Il ne faudrait pas, pour autant, leur reprocher leur absence de modernité, ils faisaient la peinture contemporaine de leur époque et cela leur valait d'y être mieux adaptés, en tant qu'artisans de la reproduction, dans une société où celle-ci était un produit social assurant l'identité garante de la généalogie. La définition de la place du peintre y était précise et il ne tenait pas le rôle que nous semblons vouloir leur assigner. Etre peinture, c'était se mettre chaque jour devant son chevalet.

Tout en jouant des procédés italiens les plus rhétoriques, Srour prit au demeurant garde à ce qu'ils ne se jouent pas de lui. S'il avait une illusion à rendre, c'était sans illusion aucune. On pourrait dire, à la limite, que ce refus de tout illusionnisme, du jeu factice et de la jonglerie est un problème d'ordre moral. 

Srour eut sa période de précision minutieuse dans le portrait, tentant de faire passer le réel dans la peinture par une opération magique de translation. Ce réel, Srour ne le força jamais. L'exemple parfait en est une toile et un sujet: la Bédouine, où le redoublement avec Corm pose le problème de la sensibilité. A d'autres périodes, il n'y eut plus entre lui, le réel et la peinture, que le désintérêt total du sujet, une lassitude, le chromo, et cela seulement dans la copie, c'est-à-dire le sujet mais même dans le traitement pictural. Dans ce genre de peinture, toute singularité est exclue et le lointain écho de la revendication du style se défait dans l'artisanat destiné à la wilayet.

La manière dont Srour s'inscrit dans une histoire de l'art, c'est la maniére dont il inscrit celle-ci dans la peinture, ce dont il porte trace et influence et qu'il voudrait élaborer: le point de jonction d'une technique et de commandes reflétant le goût de public.
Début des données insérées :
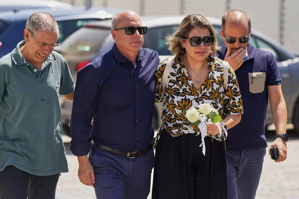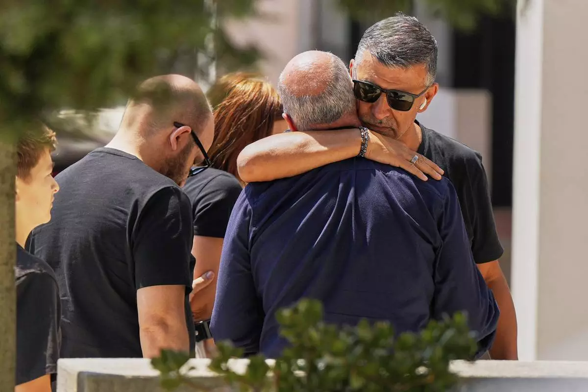 Joaquim, center, father of Liverpool forward Diogo Jota and his brother, arrives accompanied by other relatives at a church where their bodies have been brought for a wake and funeral, in Gondomar, near Porto, Portugal, on Friday, July 4, 2025. (AP Photo/Manu Fernandez)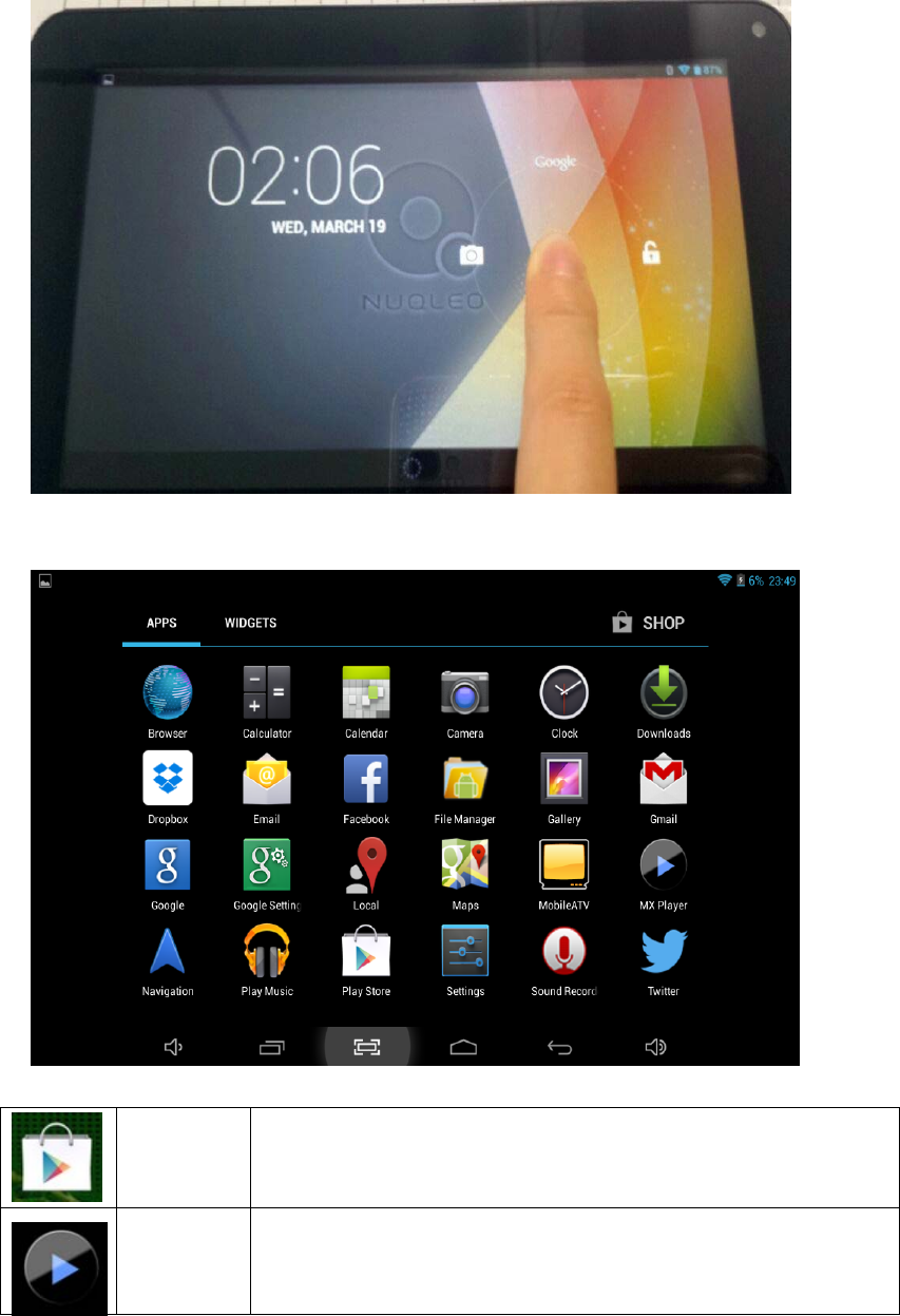 Drag: click a certain icon in the screen and hold, then move the finger, the icon will move accordingly.

Ce qu'il peint, dans sa méticulosité et par sa palette sombre, c'est l'assombrissement de la reproduction du réel, la crise de la réponse de la peinture italienne à la fin de XIXe siècle. 

Douaihy, qui le connut à la fin de sa vie, puisqu'il fut son assistant, me dit un jour à CHAMPIGNY-SUR-Marne qu'il «s'était détraqué la vue avec des portraits à dix livres or».

Srour participa en 1931 à l'exposition collective de l’Ecole des arts et des métiers et en 1934 à l’exposition de l'hôtel Saint-Georges organisée par Georges Vayssié.